In [10]:
import numpy as np
import matplotlib.pyplot as plt
from scipy.stats import chi2
from matplotlib.widgets import Slider, Button
%matplotlib notebook

Given a dataset $X_1,...,X_n \overset{iid}{\sim} f_{\theta}(x)=\theta x^{-\theta-1}\mathbb{1}_{x\gt 1}, \theta \gt 0$ (This is called a [Pareto](https://en.wikipedia.org/wiki/Pareto_distribution) distribution.)
1. Calculate the MLE and Fisher Information for $\theta$
2. Give the Likelihood ratio test with level $\alpha = 0.05$ to thest if $\theta = 2$
3. Give Wald's test with level $\alpha = 0.05$ to test if $\theta = 2$
4. Assume $n = 100$ and $\hat{\theta} = 2.45$. Compute the asymptotic p-value of both tests.

So we are looking at the following hypotheses

$$H_0: \theta = 2$$
$$H_1: \theta \ne 2$$

## Review:  Walds test

Wald's test is based on the fact that the Maximum Likelihood Estimator is asymptotically normal with mean $0$ and with variance equal to the inverse of the Fisher Information.

$$\sqrt{n}\left(\hat{\theta}_{\text{MLE}} - \theta_0\right)\overset{(d)}{\to}\mathcal{N}(0, \frac{1}{I(\theta)})$$

If we re-scale using the Fisher Information we can then write

$$\sqrt{n}\sqrt{I(\theta)}\left(\hat{\theta}_{\text{MLE}} - \theta_0\right)\overset{(d)}{\to}\mathcal{N}(0,1)$$

Moreover squaring both sides gives us

$$nI(\theta)\left( \hat{\theta}_{\text{MLE}} - \theta_0\right)^2  \overset{(d)}{\to} \mathcal{N}^2(0,1) = \chi^2(1)$$

Where the square of the standard normal distribution is the Chi Squared distribution.

Notice that the expression above has the unknown parameter $\theta$ in the left hand side.  Since we have an expression that converges in distribution we can take advantage of the central limit theorem to use our estimator $\hat{\theta}$ and then we have a test statistic that does not depend on $\theta$.
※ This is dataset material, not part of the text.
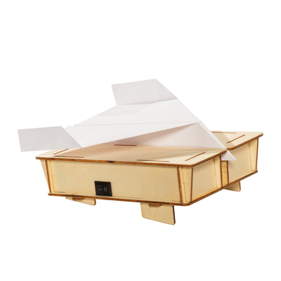 Bien con el Rampa de arranque de aviones de papel ¡naturalmente! En este kit de madera, encontrará todos los componentes necesarios para hacer una estación de salida operada por la batería para su flota de papel. La asamblea va rápidamente de la mano y en poco tiempo puede defender su soberanía. Tan pronto como haya insertado cuatro baterías AA (no incluidas) y presione el interruptor en el costado de la rampa inicial, dos motores aceleran el objeto de vuelo de su elección y deja que azote el aire a través de la ventilación. ¡Ahora depende de usted desarrollar el plano de papel perfecto!

$$nI(\hat{\theta}_{\text{MLE}})\left( \hat{\theta}_{\text{MLE}} - \theta_0\right)^2  \overset{(d)}{\to} \mathcal{N}^2(0,1) = \chi^2(1)$$

## Review: Likelihood ratio test

The likelihood ratio test looks at the likelihood of seeing the data under the null hypothesis vs seeing the data under the alternative hypothesis.

$$\frac{L(X_0,...,X_n;\Theta_1)}{L(X_0,...,X_n;\Theta_0)} \gt c$$

Where in general both the numerator and the denominator are taken to be the largest that each likelihood can be over the partition of the parameter space in question.
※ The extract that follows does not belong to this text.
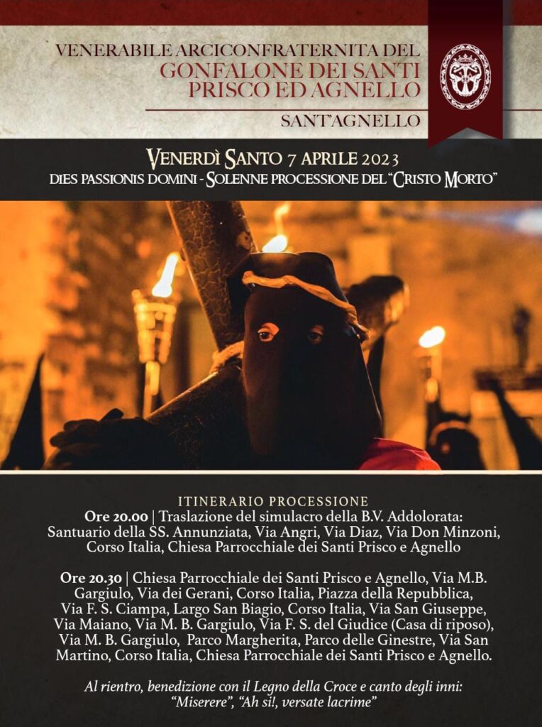 Percorso: ore 20:00 – Traslazione del simulacro dell’Addolorata: Santuario della SS. Annunziata, Via Angri, Via Diaz, Via Don Minzoni, Corso Italia, Chiesa Parrocchiale dei SS. Prisco e Agnello; ore 20:30: Chiesa Parrocchiale, Via M.B. Gargiulo, Via dei Gerani, Corso Italia, Piazza della Repubblica, Via F. S. Ciampa, Largo San Biagio, Corso Italia, Via S. Giuseppe, Via Maiano, Via M.B.Gargiulo, Via F. S. Del Giudice (casa di riposo), Via M.B. Gargiulo, Parco Margherita, Parco delle Ginestre, Via San Martino, Corso Italia, Chiesa Parrocchiale, cerimonia di rientro e canto degli inni.

We can think of this ratio as: when the likelihood of seeing the data when the alternative hypothesis is true is much larger than the likelihood of seeing the data when the null hypothesis is true we should reject the null hypothesis.  In particular we fix a pre-determined constant $c$ that we choose based on our desired level of test and reject when the ratio is larger than $c$.
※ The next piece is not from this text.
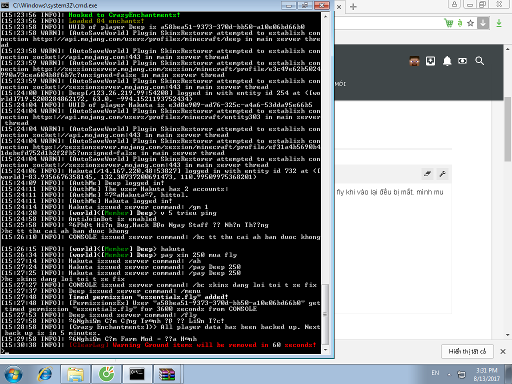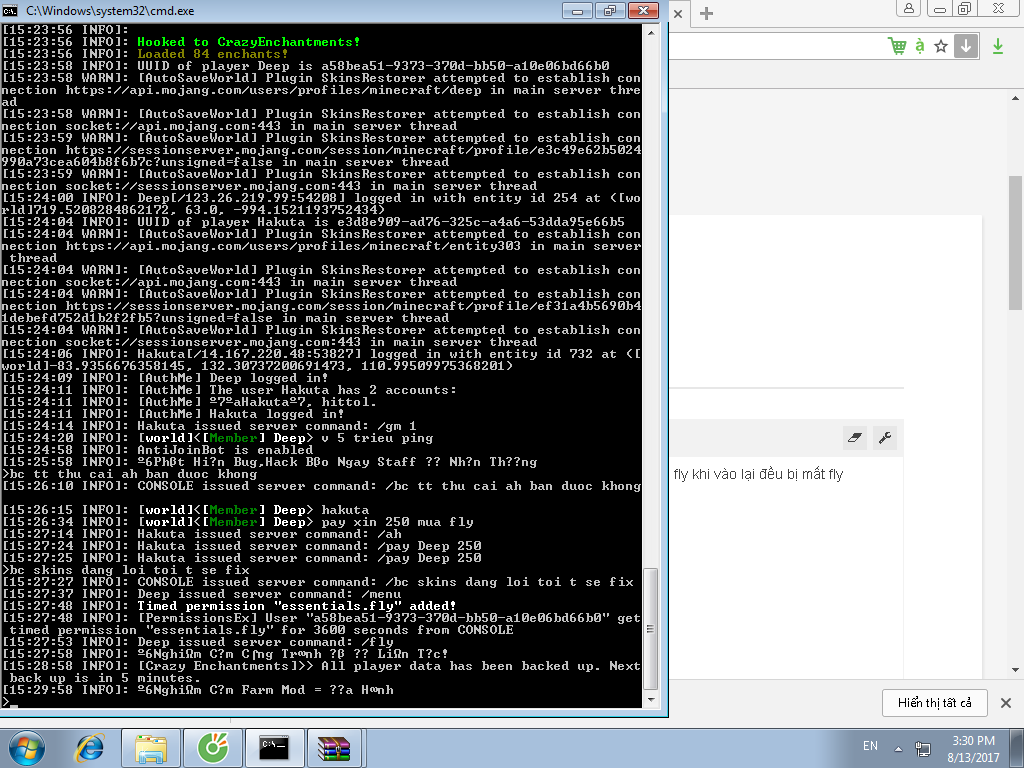 Permission =/= Tính năng lệnh /flyMình có dùng mã pex để bán fly theo giờ nhưng khi tắt console thì tất cả member mua fly khi vào lại đều bị mất. mình mu

#### Calculate the MLE and the Fisher Information

For Wald's test we need to know the Fisher Information, and for the Likelihood Ratio Test we need the MLE, so let's compute those.

##### MLE - $\hat{\theta}^{\text{MLE}}$

The likelihood function is given by

$$L(X_1,...,X_n;\theta) = \prod_{i=1}^nf_\theta(X_i)=\prod_{i=1}^n\theta x^{-\theta -1}$$

Expanding the right had side we get

$$\theta^n \left(\prod_{i=1}^n X_i\right)^{-\theta - 1}$$

Now we want to maximize this function, but since the derivative of this expression is not that easy to compute we use the technique of maximizing the natural log of the expression which will give the same result.  So by taking the natural log of both sides we get 

$$\ln(L(X_1,...,X_n;\theta))=l(X_1,...X_n;\theta)=n \ln(\theta) + (-\theta -1)\sum_{i=1}^n\ln(X_i)$$

Differntiating we get

$$\frac{\partial}{\partial{\theta}}\left(n \ln(\theta) + (-\theta -1)\sum_{i=1}^n\ln(X_i)\right) = \frac{n}{\theta} -\theta\sum_{i=1}^n\ln(X_i)$$

And if we set this equal to zero and solve for $\theta$ we will find a candidate for the $\hat{\theta}_{\text{MLE}}$. That is

$$\theta=\frac{n}{\sum_{i=1}^n\ln(X_i)}$$

Do we have a maxima?  We take the second derivative

$$\frac{\partial}{\partial{\theta}}\left(\frac{n}{\theta} -\theta\sum_{i=1}^n\ln(X_i)\right)=-\frac{n}{\theta^2}$$

Which is negative so we do have a maxima and we are indeed justified in calling it the maximum likelihood estimator.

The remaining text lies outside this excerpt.